RECORDS SUPPLIED Start Marker

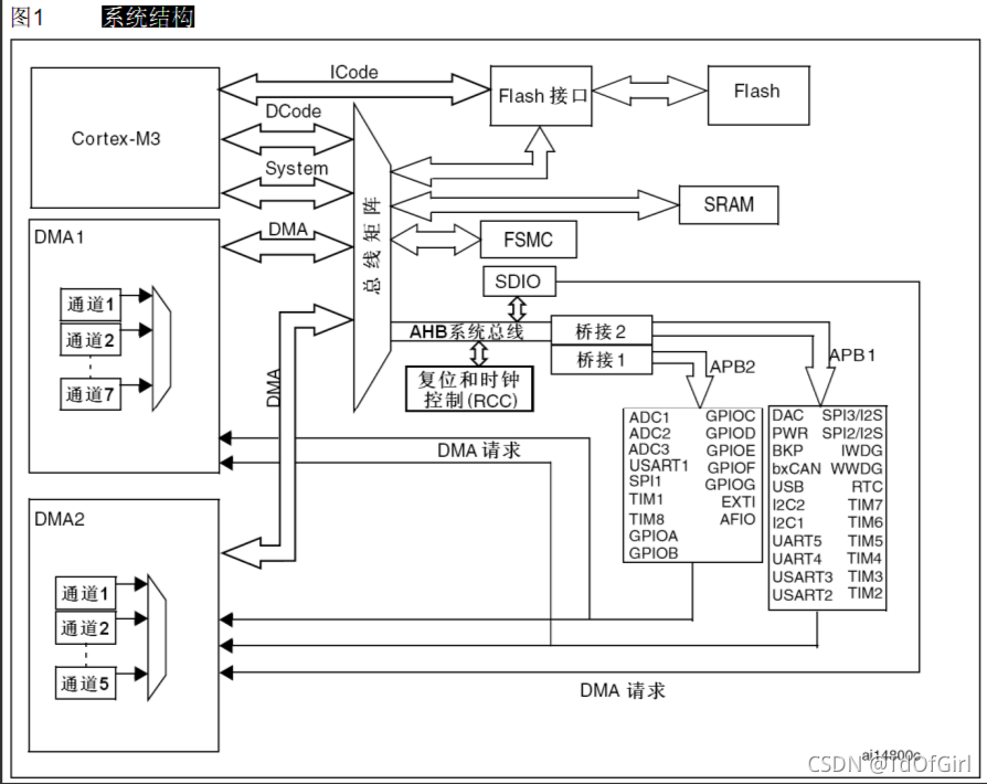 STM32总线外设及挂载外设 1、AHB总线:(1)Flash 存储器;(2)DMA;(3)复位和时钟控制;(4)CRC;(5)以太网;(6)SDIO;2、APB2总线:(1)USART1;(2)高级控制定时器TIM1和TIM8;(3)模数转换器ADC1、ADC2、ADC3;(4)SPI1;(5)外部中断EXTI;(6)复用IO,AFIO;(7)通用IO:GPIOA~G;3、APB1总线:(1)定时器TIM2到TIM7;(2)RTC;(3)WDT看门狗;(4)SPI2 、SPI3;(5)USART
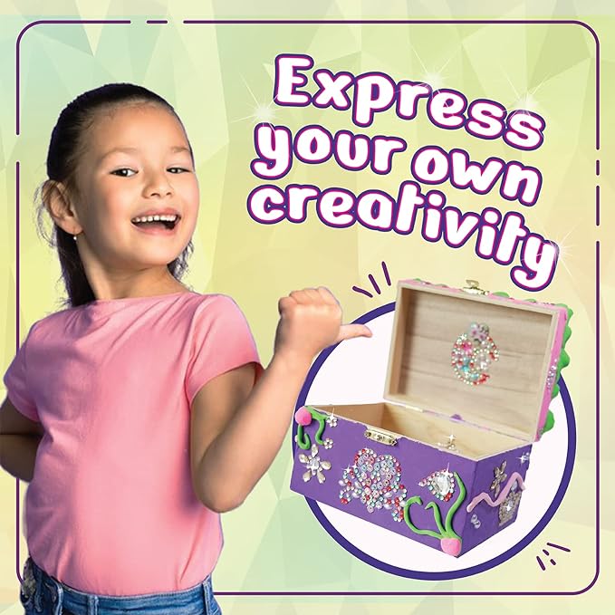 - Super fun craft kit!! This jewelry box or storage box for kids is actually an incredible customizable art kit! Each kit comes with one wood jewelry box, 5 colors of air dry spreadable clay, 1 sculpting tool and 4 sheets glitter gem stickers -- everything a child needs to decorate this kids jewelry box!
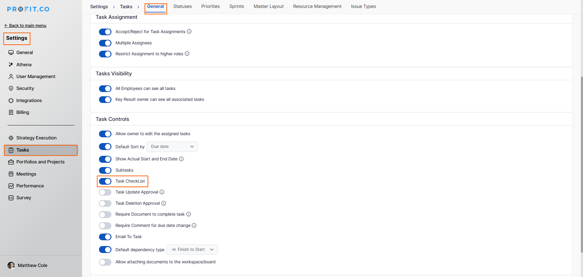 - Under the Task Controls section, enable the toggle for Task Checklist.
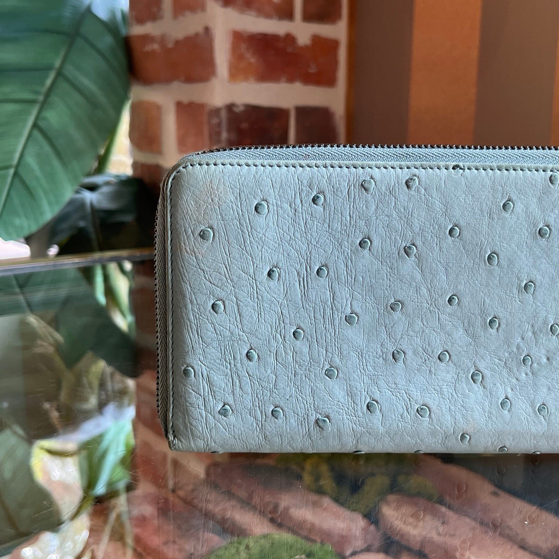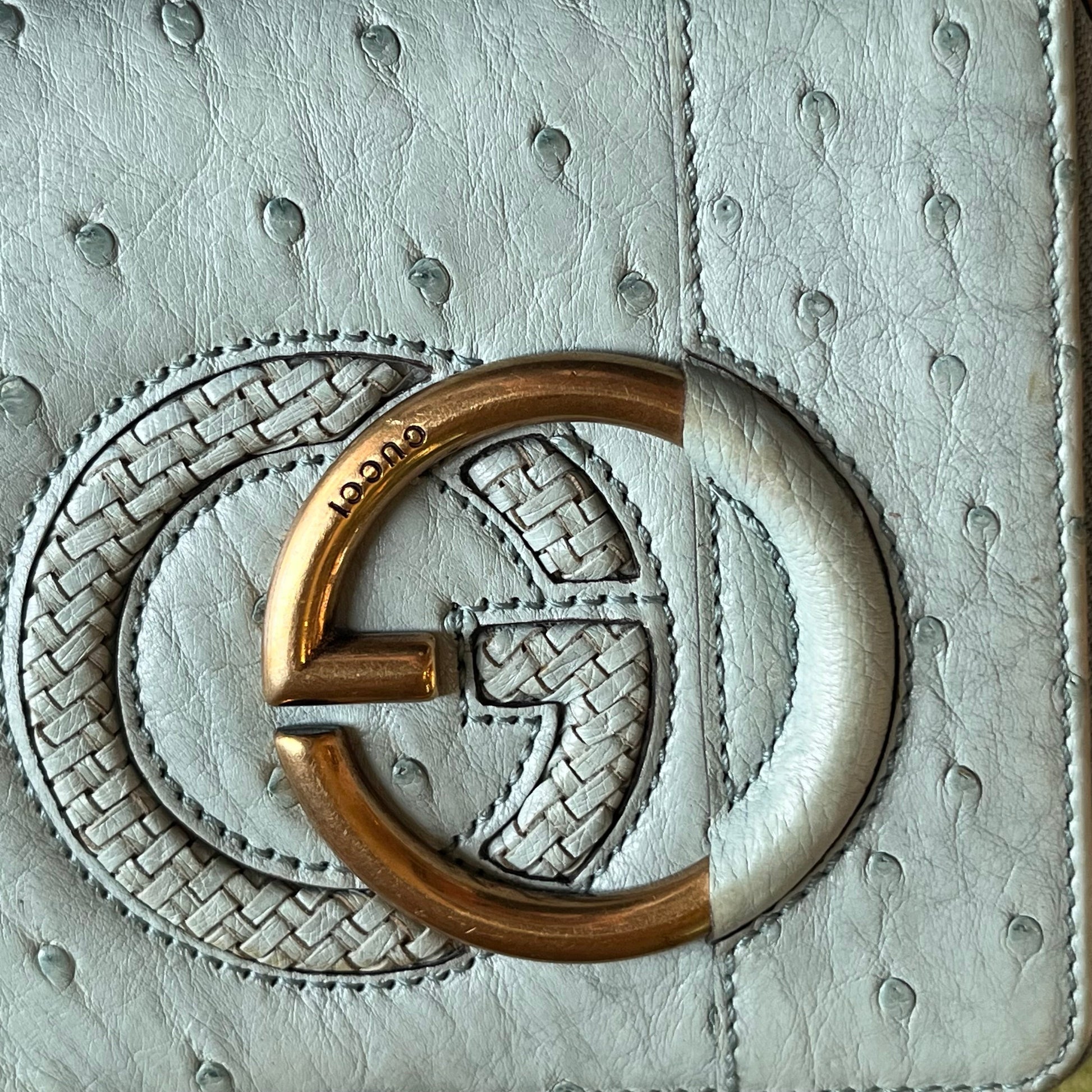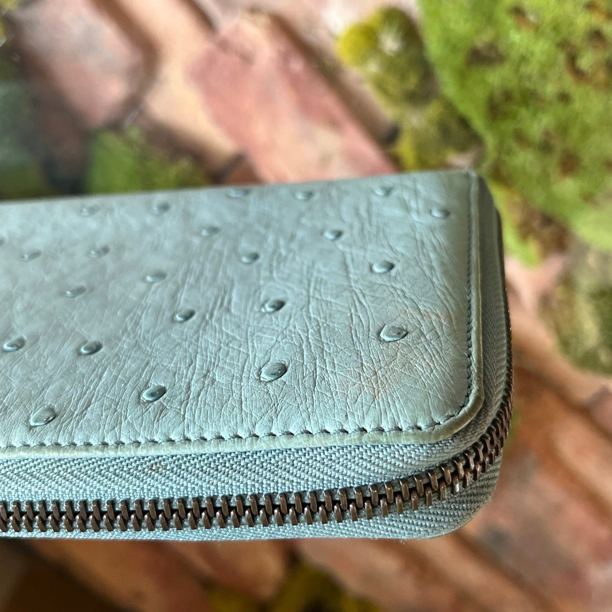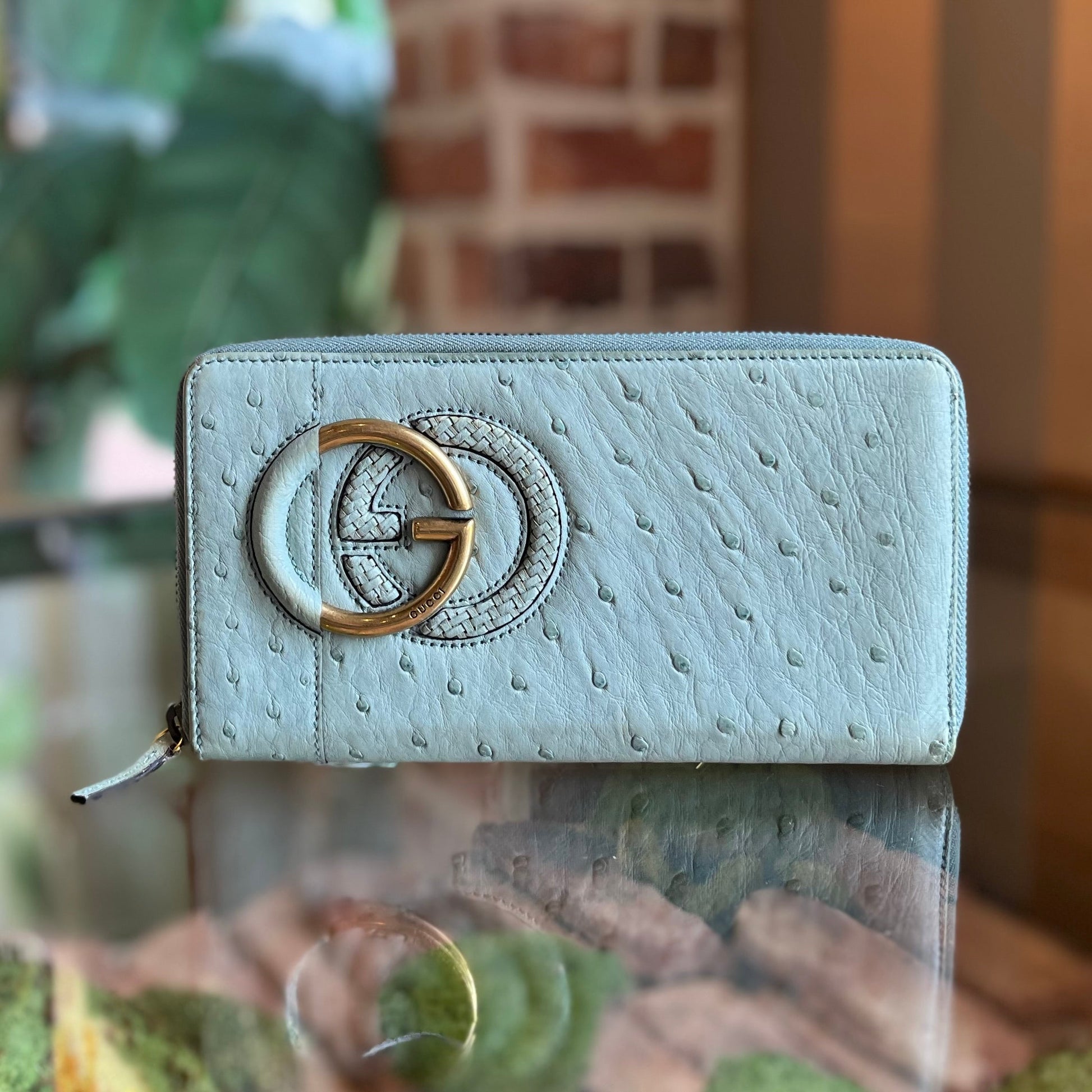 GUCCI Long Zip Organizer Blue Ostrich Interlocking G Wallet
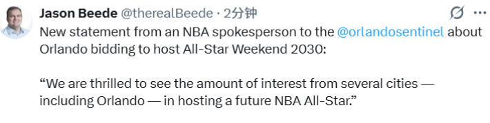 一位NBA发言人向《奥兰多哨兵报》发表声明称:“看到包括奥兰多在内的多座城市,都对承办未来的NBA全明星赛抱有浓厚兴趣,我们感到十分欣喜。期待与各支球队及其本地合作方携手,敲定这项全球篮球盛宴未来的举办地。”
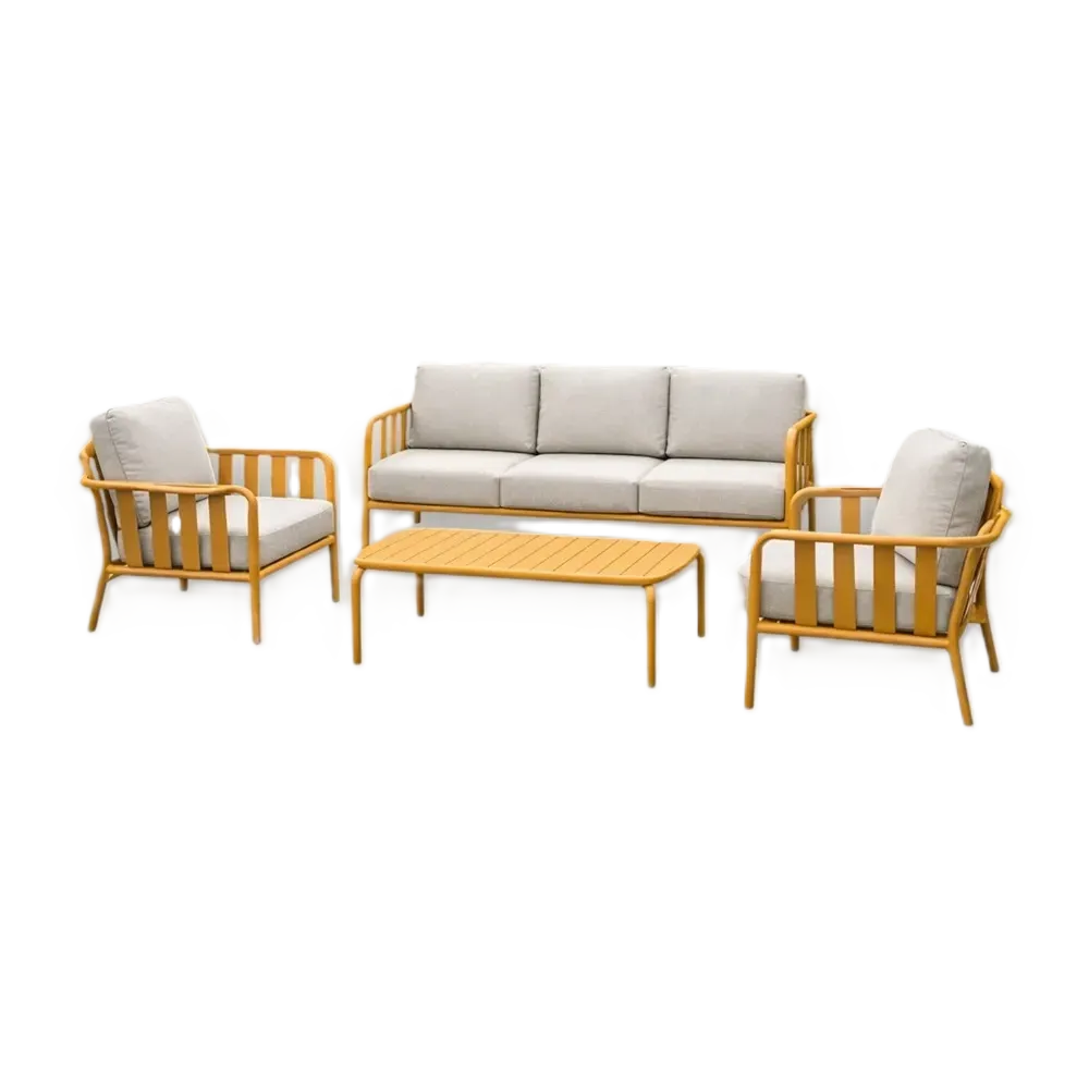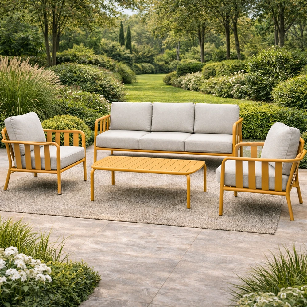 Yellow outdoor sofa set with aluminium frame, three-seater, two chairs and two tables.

RECORDS SUPPLIED End Marker

- HOW TO COMPLETE THIS TASK -
In the copy, include each entry exactly as written and none of the pictures.

- SOLUTION -
 STM32总线外设及挂载外设 1、AHB总线:(1)Flash 存储器;(2)DMA;(3)复位和时钟控制;(4)CRC;(5)以太网;(6)SDIO;2、APB2总线:(1)USART1;(2)高级控制定时器TIM1和TIM8;(3)模数转换器ADC1、ADC2、ADC3;(4)SPI1;(5)外部中断EXTI;(6)复用IO,AFIO;(7)通用IO:GPIOA~G;3、APB1总线:(1)定时器TIM2到TIM7;(2)RTC;(3)WDT看门狗;(4)SPI2 、SPI3;(5)USART
 - Super fun craft kit!! This jewelry box or storage box for kids is actually an incredible customizable art kit! Each kit comes with one wood jewelry box, 5 colors of air dry spreadable clay, 1 sculpting tool and 4 sheets glitter gem stickers -- everything a child needs to decorate this kids jewelry box!
 - Under the Task Controls section, enable the toggle for Task Checklist.
 GUCCI Long Zip Organizer Blue Ostrich Interlocking G Wallet
 一位NBA发言人向《奥兰多哨兵报》发表声明称:“看到包括奥兰多在内的多座城市,都对承办未来的NBA全明星赛抱有浓厚兴趣,我们感到十分欣喜。期待与各支球队及其本地合作方携手,敲定这项全球篮球盛宴未来的举办地。”
 Yellow outdoor sofa set with aluminium frame, three-seater, two chairs and two tables.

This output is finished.